Open pxl-th opened 1 week ago
Hi Anton, sorry for the late reply - I've been thinking about the best parallelisation approach for n-dimensional reductions; the lazy way would be to simply run the same reduction steps over each index permutation bar the dims
one over which we're running the reduction - while using the same amount of shared memory as the 1D case, its synchronisation overhead increases with the number of elements. Not great, and it would not be performant for big arrays where the reduced dimension is small.
I am trying to implement a parallelisation approach where each reduction operation done by each thread runs over all index permutations bar dims
(at the expense of more shared memory used), but this requires shared memory whose size is dependent on the specific dimension-wise sizes of the input array - which are runtime values, and hence cannot be used to define @private Int (runtime_length,)

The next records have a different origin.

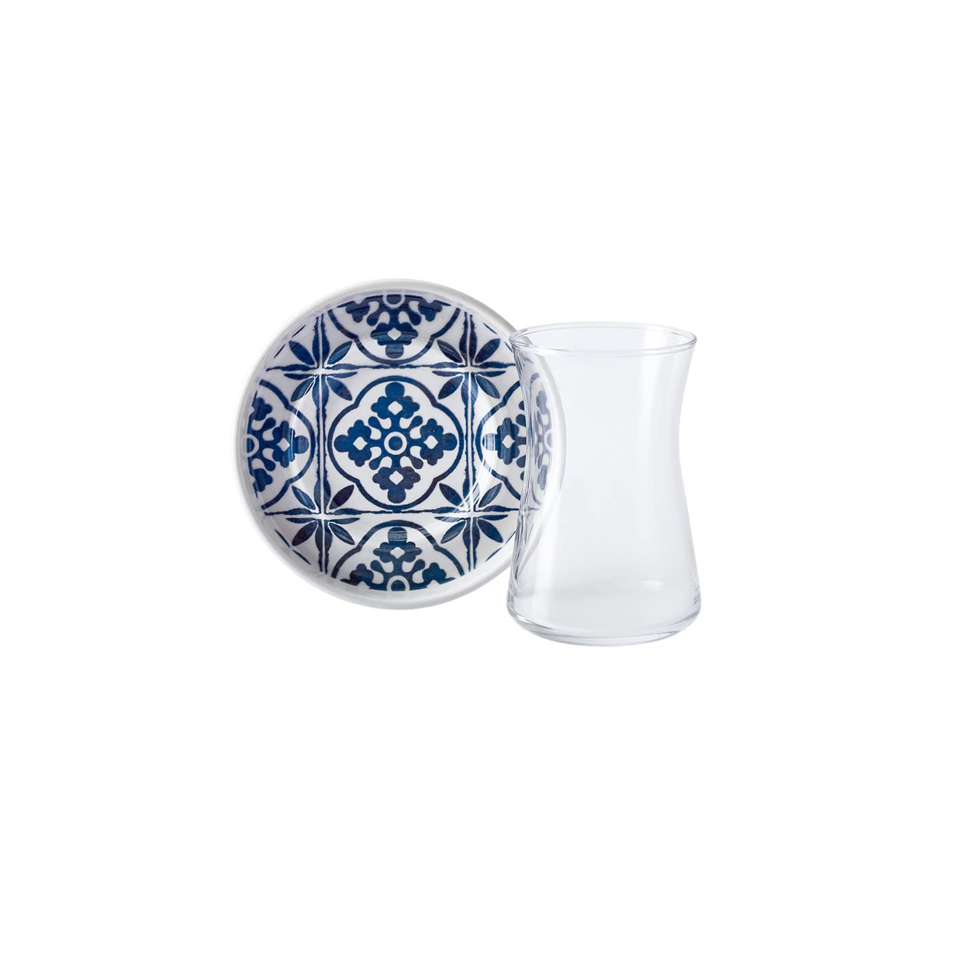 KARACA Mavili Turkish Tea Cups Set - 12 Piece Turkish Tea Glasses and Stoneware Saucers - Authentic Glass Drinking Sets for 6 People - Ideal Adult Teacup Set (170 ml)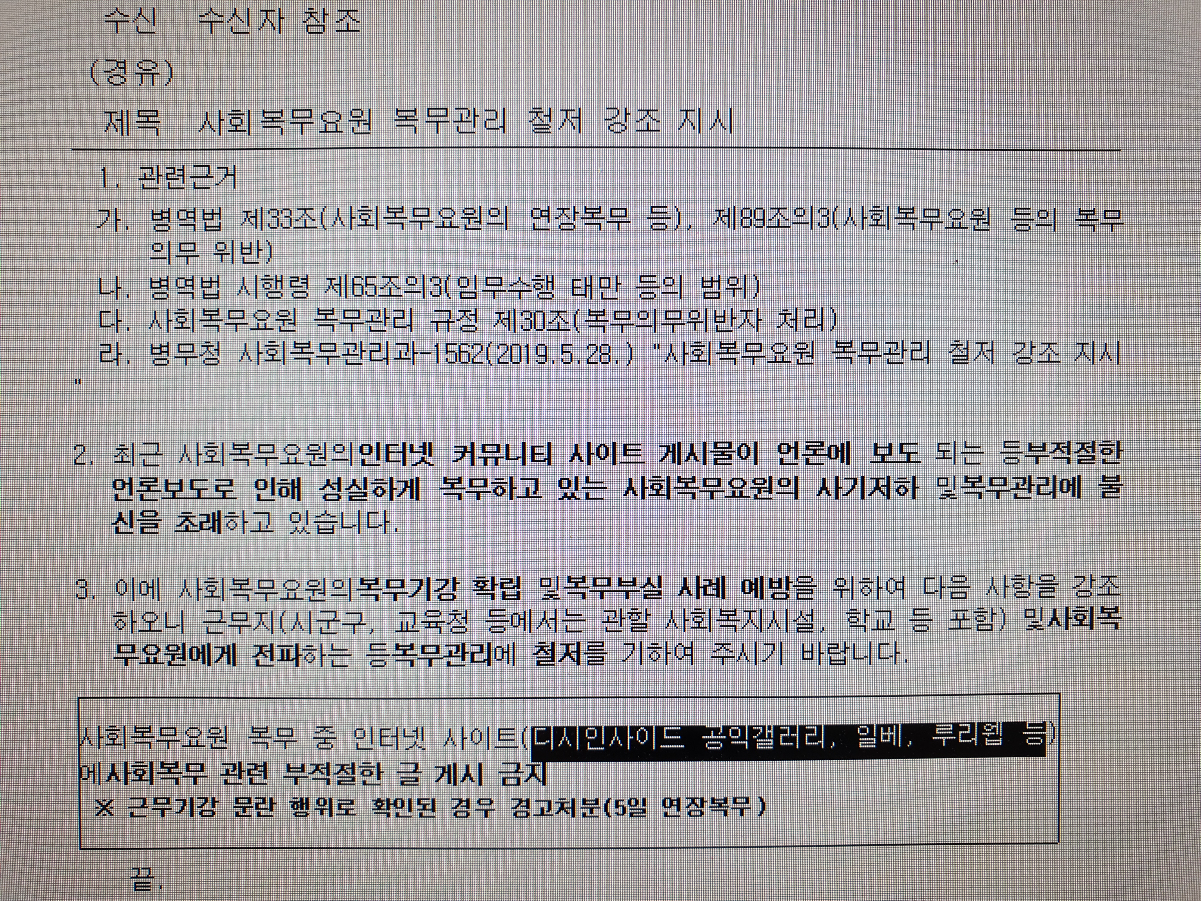 30일 인터넷커뮤니티 등에 따르면 사회복무요원과 복무기관 담당자가 인증 후 접속할 수 있는 사회복무포털에 최근 '사회복무요원 복무관리철저 강조 알림'이라는 공지사항이 게재됐다. 내용을 살펴보면 "최근 사회복무요원의 인터넷 커뮤니티 사이트 게시물이 언론에 보도되는 등 부적절한 언론보도로 인해 성실하게 복무하고 있는 사회복무요원의 사기저하 및 복무관리 불신을 초래하고 있다"며 "사회복무요원 복무 중 인터넷사이트에 사회복무 관련 부적절한 글 게시를 금지한다"는 등의 내용이 적혀있다.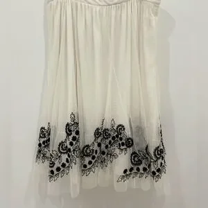 OSCAR DE LA RENTA WHITE BLACK TULLE RUNWAY DESIGNER SKIRT WAIST 34” SZ 12 ZIPPER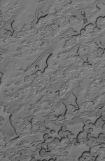 This Mars Global Surveyor (MGS) Mars Orbiter Camera (MOC) image shows eroding mesas of frozen carbon dioxide in the martian south polar residual cap. During the summer season, the scarps that bound each pit and mesa in the south polar region become dark as carbon dioxide sublimes away. The darkening might result from the roughening of the surfaces from which ice is subliming, or from the concentration of trace amounts of dust on these slopes, or both.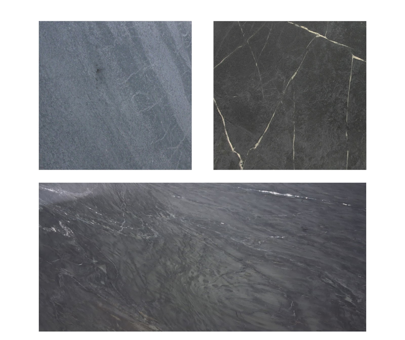 Soapstone is primarily composed of talc, which gives it the soft, silky texture that sets it apart from other stones. Colors typically range from light silver grey to deep charcoal. Many slabs show subtle veining, while others feature bold streaks of white or muted green. These veins often grow more visible as the stone naturally darkens with time.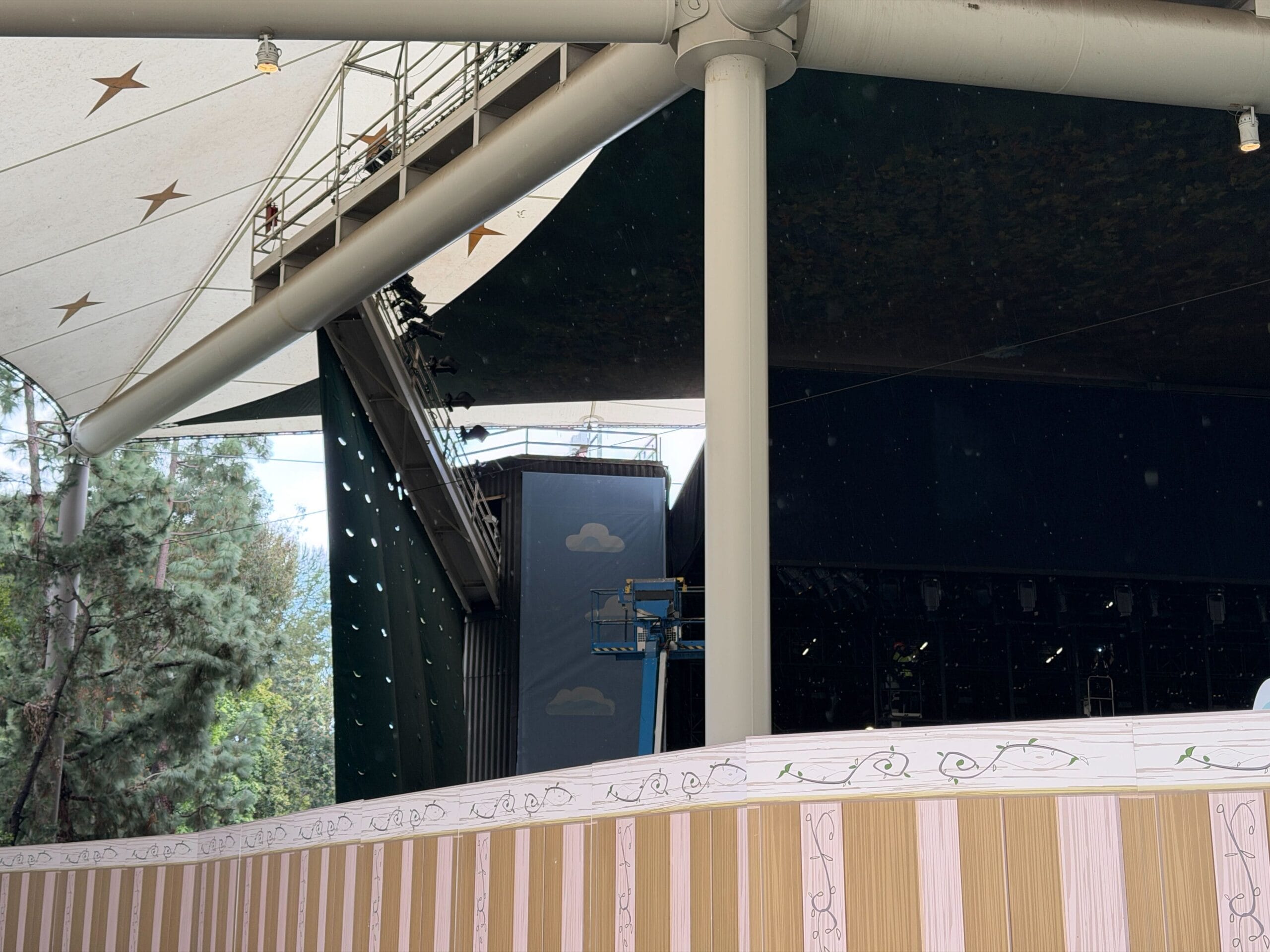 In our last update, we noted themed blue walls had been installed around the theater. There is now a pair of cartoon-ish fake trees, mostly covered by green scrim.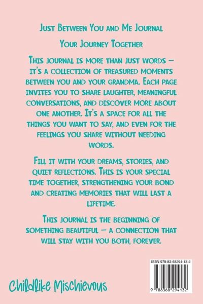 Grandma, you know, sometimes it's hard for us to really talk about the important things, even though we spend time together. The days go by so fast, and sometimes the things I want to ask or share slip away before I even get the chance. But I truly want to talk to you about what makes me happy, what worries me, and even my dreams - the ones I haven't shared yet. I found something that could help us make these conversations even more meaningful - a special journal just for us. It's called the Just Between You and Me Journal, made for grandmas and grandkids, especially for kids like me, ages 6 to 12, to explore the deeper parts of our relationship. It gives us a chance to slow down and connect, to ask questions and share answers that we might not think of in our day-to-day lives. This journal isn't just any notebook - each page is filled with thoughtful prompts and questions that help us talk about the things that truly matter. We can reflect on your memories, talk about my dreams, and share our thoughts about life, school, family, and everything in between. We can celebrate the little things, and when something hard comes along, this journal can help us get through it together. Grandma, this journal is for us. It's a space for love, laughter, reflection, and creating memories that we'll cherish forever. Will you fill it out with me?

. I need to think a bit more about shared memory sizes...
Still, the 1D and n-dimensional cases would follow separate codepaths for maximum performance - the n-dimensional case simply needs more scaffolding / memory / indices than the 1D one, and no device-to-host copying (which is needed if dims
is not specified).
If you want to, you can forward the call for the 1D case to AK while I wrestle with shared memory. I will make the functions accept N-dimensional arrays which will be operated over linear indices, like Julia Base reductions without specified dims
.
Thanks for working on this!
If you want to use runtime values, you can wrap them in Val
before passing to the kernel:
@kernel function ker(x, ::Val{runtime_length}) where {runtime_length}
m = @private Int (runtime_length,)
...
end
ker(ROCBackend())(x, Val(size(x, 2)))
However, every time you pass a different value it will recompile the kernel, so probably not good if they change a lot.
Base methods, such as
accumulate!
,mapreduce
have support fordims
kwarg. Is there a plan for adding such support here? We can then replace other kernels from AMDGPU/CUDA with AK implementation.